I caught up on these possibilities in a subscription-required MarketingSherpa article: How to Get the Most Out of Google AdWords - 8 Strategies to Maximize ROI, 2007-Oct-23. One of the most popular presentations at their recent Demand Generation Summit was by David Szetela of Clix Marketing. He presented this system for finding the best sites for your advertisements by using Google's Placement Performance Report. I will not "re-publish" the system here but was pleased to see that he recommends finding a few strong keywords and sites to attract your audience rather than use lots of keywords running all over the place.

If you want to take advantage of some of the best marketing research being done, you should visit MarketingSherpa's home page every day to see what's being shared "open access for 7 days." That would be doing your marketing calisthenics!

How to Make Advertising News

071130z To turbocharge a new product announcement, Timberland is recycling their advertising materials, amplifying the message that the product is made from recycled materials.

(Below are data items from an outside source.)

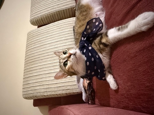 Yaklaşık 1-1.5 yaşında. Doğumunu geçici yuvada yaptı. İlk aşılarını yaptırdık, kısırlaştırdık. Geçici yuvasında çok az günü kaldı kalıcı yuvasını arıyor. Ankarada yaşıyor.
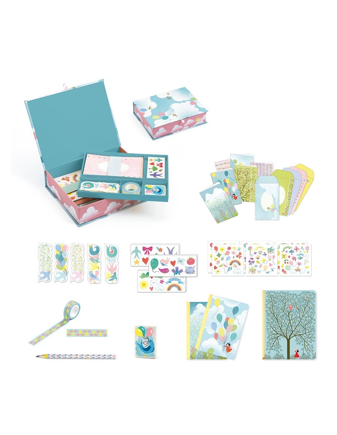 La col·lecció Lovely Paper de Djeco presenta aquest complet kit de papereria poètica i la seva preciosa caixa. Dissenyat amb il·lustracions de cel rosa i blau, la caixa té una safata extraïble i està pensada per ajudar a desenvolupar l'escriptura creativa i per escriure cartes als amics i amigues. La caixa conté els següents elements: - 1 llibreta - 2 quaderns - 5 punts de llibre - 6 fulls d'adhesius - 6 fullss de calcomanies - 10 cartes i sobres - 1 cinta adhesiva - 1 goma d'esborrar - 1 llapis - 1 caixa Dissenyat per Djeco per la il·lustradora Charlotte Gastaut, aquest estoig és un regal fantàstic per fomentar l'escriptura i les relacions socials.
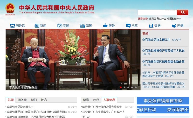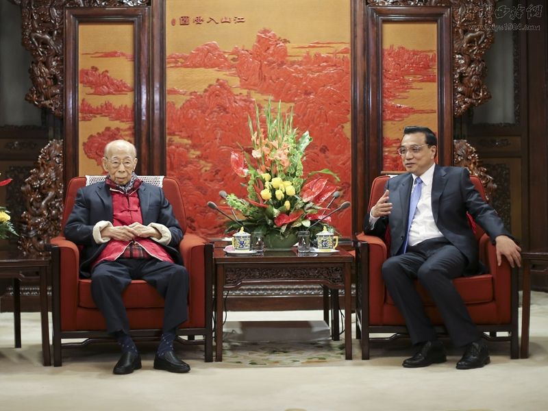 国务院总理李克强27日下午在中南海紫光阁会见西泠印社社长饶宗颐先生。

Boston Glob: Timberland ads aim to cut carbon footprint. 2007-Oct-13, by Diedtra Henderson

To rekindle interest in the flagging boot market, the Stratham, N.H., company has created a leave-few-carbon-traces campaign with the help of Arnold, the Boston-based ad agency. Carbon dioxide emissions associated with running the Earthkeepers commercials on television, radio, and the Internet will be offset with power credits purchased from the Jiminy Peak Mountain Resort wind project in Hancock, Mass. The company is purchasing additional offsets to cover a portion of emissions due to the campaign's production and distribution. When the promotion ends, its billboards will be transformed into tote bags; print materials will be recycled.